Segment Start: Source material
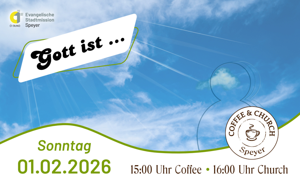 Bei Coffee & Church öffnen sich unsere Türen schon um 15:00 Uhr zum Zusammenkommen, um 16:00 Uhr geht es dann los.
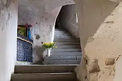 Balcony of Inkerman Cave Monastery - Inkerman Cave Monastery — A cave monastery in a cliff rising near the mouth of the Black River, in the city of Inkerman, administered as part of the sea port of Sevastopol. It was founded in 1850 on the site of a medieval Byzantine monastery where the relics of St. Clement were supposedly kept before their removal to San Clemente by Saints Cyril and Methodius.
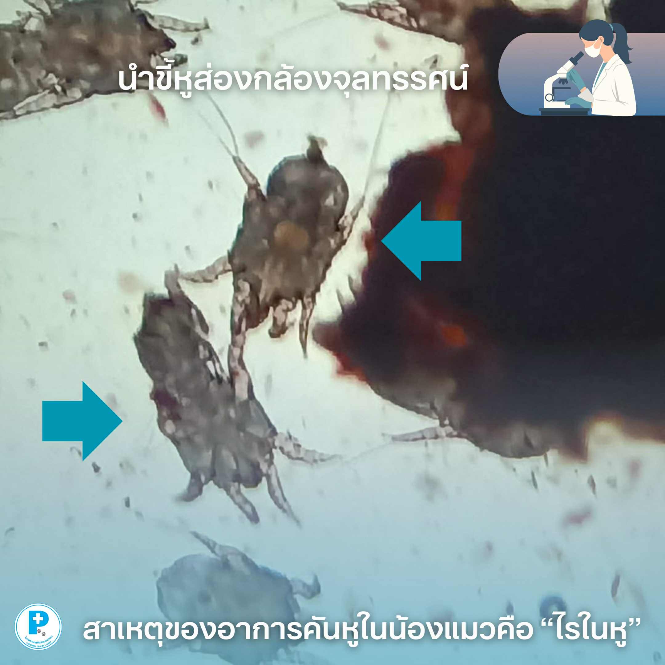 น้องอั่งเปามาด้วยอาการคันหู ตรวจในช่องหูพบขี้หูสีดำคล้ายกากกาแฟ ส่องกล้องจุลทรรศน์เจอตัวการชัดเจน — “ไรในหู (Ear mite)”
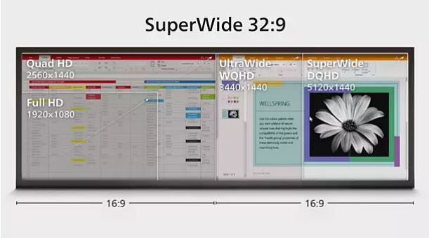 Obrazovka 32:9 SuperWide určená k nahrazení nastavení na více obrazovkách
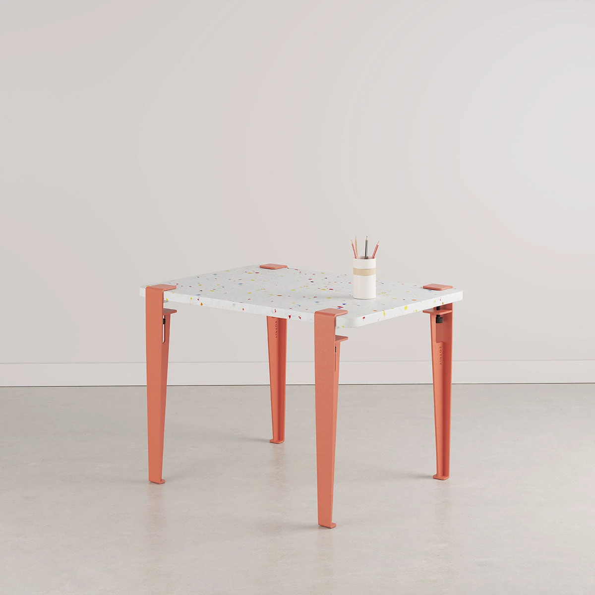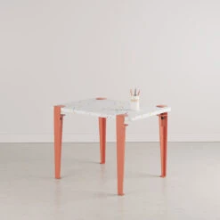 Wie alle TIPTOE Möbel ist auch dieser kleine Tisch in kürzester Zeit aufgebaut. Alle TIPTOE Produkte werden komplett in Europa gefertigt, mit Fokus auf beständigen, nachhaltigen Materialien. Bei Holztischplatten stammt das Eco-zertifizierte Holz aus nachhaltiger Forstwirtschaft. Die Tischbeine sind aus Stahl – ein sehr langlebiges und gut recyclebares Material.
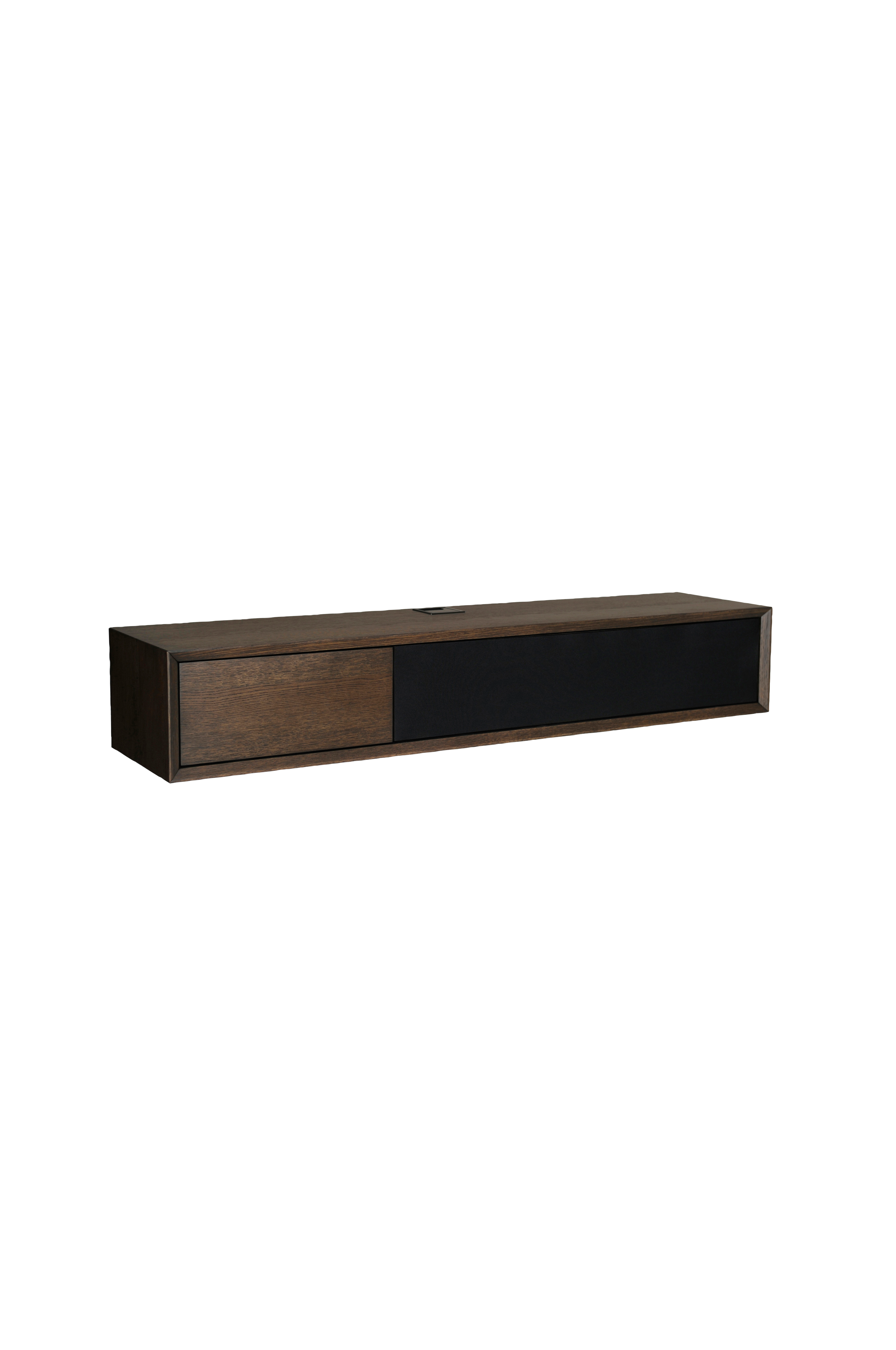 Hyllan är tillverkad av lackerad ek. Dörren/luckan är klädd med mesh-tyg, så att det går att gömma dosor snyggt samtidigt som fjärrkontrollen fungerar optimalt.
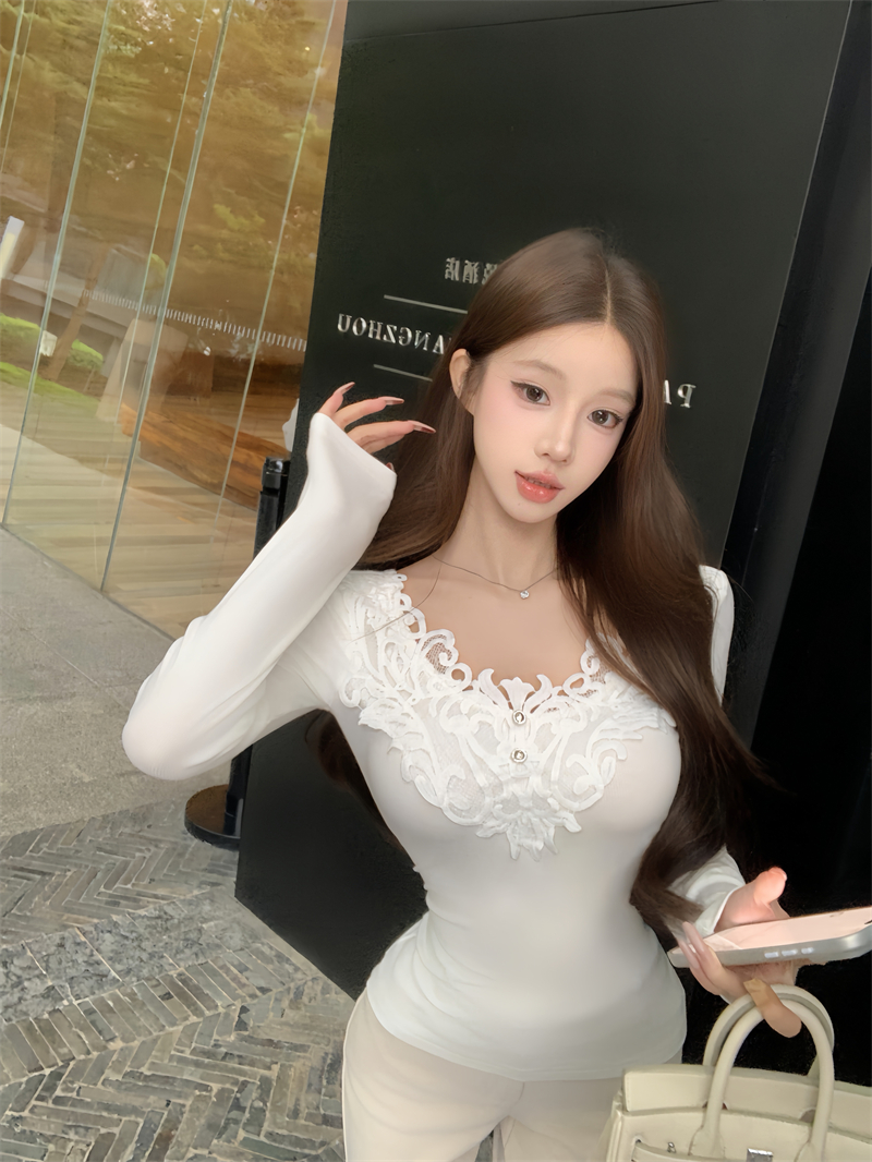 FA48590# 温婉纯欲蕾丝v领内搭针织女上衣 服裝批發女裝批發服飾貨源
Segment End: Source material
Reproduce the data above word for word and omit the images.

 Bei Coffee & Church öffnen sich unsere Türen schon um 15:00 Uhr zum Zusammenkommen, um 16:00 Uhr geht es dann los.
 Balcony of Inkerman Cave Monastery - Inkerman Cave Monastery — A cave monastery in a cliff rising near the mouth of the Black River, in the city of Inkerman, administered as part of the sea port of Sevastopol. It was founded in 1850 on the site of a medieval Byzantine monastery where the relics of St. Clement were supposedly kept before their removal to San Clemente by Saints Cyril and Methodius.
 น้องอั่งเปามาด้วยอาการคันหู ตรวจในช่องหูพบขี้หูสีดำคล้ายกากกาแฟ ส่องกล้องจุลทรรศน์เจอตัวการชัดเจน — “ไรในหู (Ear mite)”
 Obrazovka 32:9 SuperWide určená k nahrazení nastavení na více obrazovkách
 Wie alle TIPTOE Möbel ist auch dieser kleine Tisch in kürzester Zeit aufgebaut. Alle TIPTOE Produkte werden komplett in Europa gefertigt, mit Fokus auf beständigen, nachhaltigen Materialien. Bei Holztischplatten stammt das Eco-zertifizierte Holz aus nachhaltiger Forstwirtschaft. Die Tischbeine sind aus Stahl – ein sehr langlebiges und gut recyclebares Material.
 Hyllan är tillverkad av lackerad ek. Dörren/luckan är klädd med mesh-tyg, så att det går att gömma dosor snyggt samtidigt som fjärrkontrollen fungerar optimalt.
 FA48590# 温婉纯欲蕾丝v领内搭针织女上衣 服裝批發女裝批發服飾貨源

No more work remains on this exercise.